• _Exercise objective_
In the data below, find the line containing "- Consultați Tabelul" and the line containing "Wyndham Collection Sheffield", then reproduce them and every line between, exactly. Omit pictures.

• _Data excerpts_
┌──

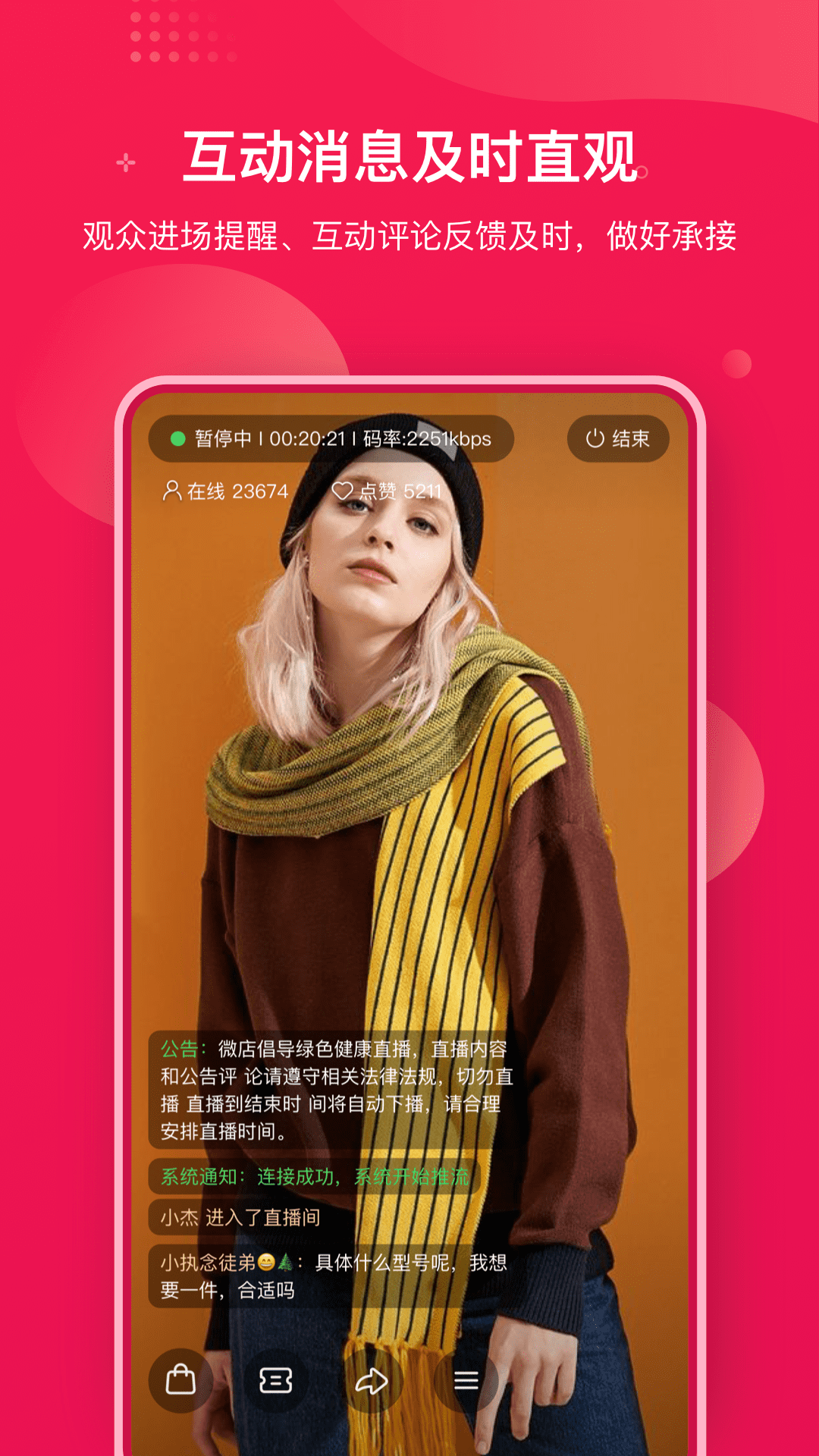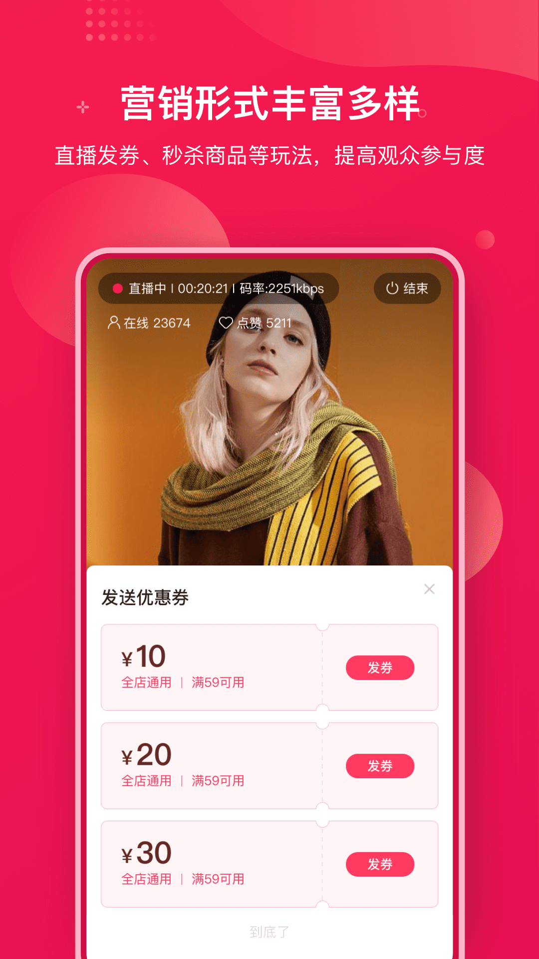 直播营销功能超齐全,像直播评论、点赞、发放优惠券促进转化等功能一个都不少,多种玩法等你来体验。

└──
┌──

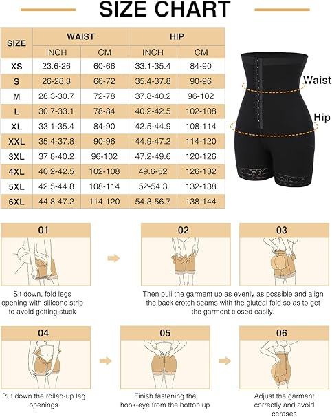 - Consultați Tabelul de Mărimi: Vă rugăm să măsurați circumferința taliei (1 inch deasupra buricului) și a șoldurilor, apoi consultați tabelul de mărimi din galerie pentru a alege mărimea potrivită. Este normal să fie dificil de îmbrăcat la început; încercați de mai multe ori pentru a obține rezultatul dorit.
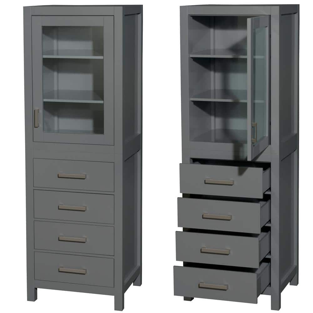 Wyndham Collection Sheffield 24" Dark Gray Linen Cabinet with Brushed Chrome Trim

└──

• _Solution to the exercise_
 - Consultați Tabelul de Mărimi: Vă rugăm să măsurați circumferința taliei (1 inch deasupra buricului) și a șoldurilor, apoi consultați tabelul de mărimi din galerie pentru a alege mărimea potrivită. Este normal să fie dificil de îmbrăcat la început; încercați de mai multe ori pentru a obține rezultatul dorit.
 Wyndham Collection Sheffield 24" Dark Gray Linen Cabinet with Brushed Chrome Trim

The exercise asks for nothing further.